The use of LLMs has become integral to language technology deployments, necessitating robust characterization of their behavior across different contexts. One commonly underestimated factor is the influence of prompt formatting—stylistic choices that should not alter a prompt's semantic interpretation yet may drastically impact model output. This research exposes the fragility of model performance to several formatting permutations and challenges the standard practice of benchmarking LLMs with a fixed prompt format. It argues for the inclusion of a performance spread, obtained by evaluating diverse formats, in research reporting.

Figure 1: Slight modifications in prompt format templating may lead to significantly different model performance for a given task. Example corresponds to 1-shot LLaMA-2-7B performances for task280 from SuperNaturalInstructions.

Methodology

Grammar of Prompt Formats

The authors define a comprehensive grammar to characterize the spectrum of semantically equivalent prompt formats. This grammar establishes equivalence based on meaning-preserving transformations encompassing descriptor casing and separators. Equivalent formats share identical meanings, ensuring valid comparisons over varied formats without introducing confounding semantic elements.

Measuring Sensitivity

The paper details an algorithm, FormatSpread, using multi-arm bandit frameworks like Thompson Sampling and Upper Confidence Bound to explore the prompt formatting space efficiently. This approach models the variant performances of prompt formats over tasks as hidden values, optimizing the evaluation budget to derive accurate performance intervals.

Experimental Results

Performance Spread

Despite model size increases, few-shot example counts, and instruction tuning efforts, the sensitivity of models like LLaMA-2 and Falcon to formatting choices remains consistent. For example, even a small set of formats showcases an accuracy spread of 7.5 points on median across numerous tasks.

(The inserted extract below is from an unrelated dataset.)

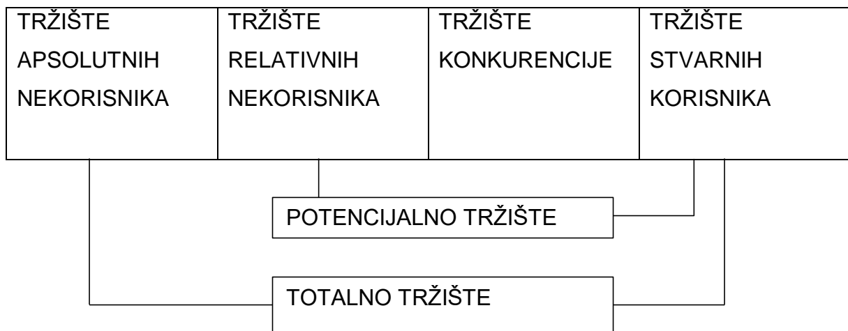
SLIKA 1: SEGMENTACIJA TRŽIŠTA

Kod istraživanja tržišta može se uspješno koristiti postupak segmentacije tržišta.
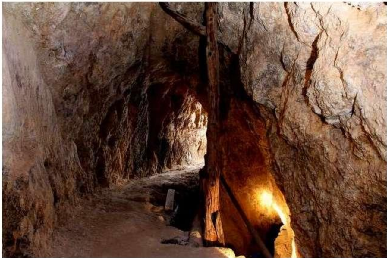
Contrapozo y acceso a labores inferiores (Fot. J.M. Sanchis, 2009)

Figure 2: Llama-2-7B vs. 13B

Individual Feature Influence

Analyzing the individual impact of prompt constants reveals moderate dissimilarity in performance across configurations such as separators and item formats. However, no single constant consistently predicts accuracy changes on its own. Instead, overall prompt structure exerts a stronger influence on the final task performance.

Discussion

The inherent sensitivity of LLMs to superficially innocuous prompt format choices challenges current benchmarking paradigms. By demonstrating variability not mitigated by increasing model complexity or context, this work argues for a broader evaluation framework that takes performance span into account. These insights call for caution in making assertions about model improvements solely based on training data or model architecture changes.

Conclusion

This paper advocates for nuanced reporting of LLM performance to account for prompt formatting variability, thus preventing the undue attribution of results to factors other than prompt structure. FormatSpread offers researchers a tool to explore prompt sensitivity comprehensively without invasive access to model parameters, an asset for both open-source and API-locked LLMs. Future directions may include regularization methods to enhance model robustness against formatting variations, reinforcing their practicality in multifaceted language technology applications.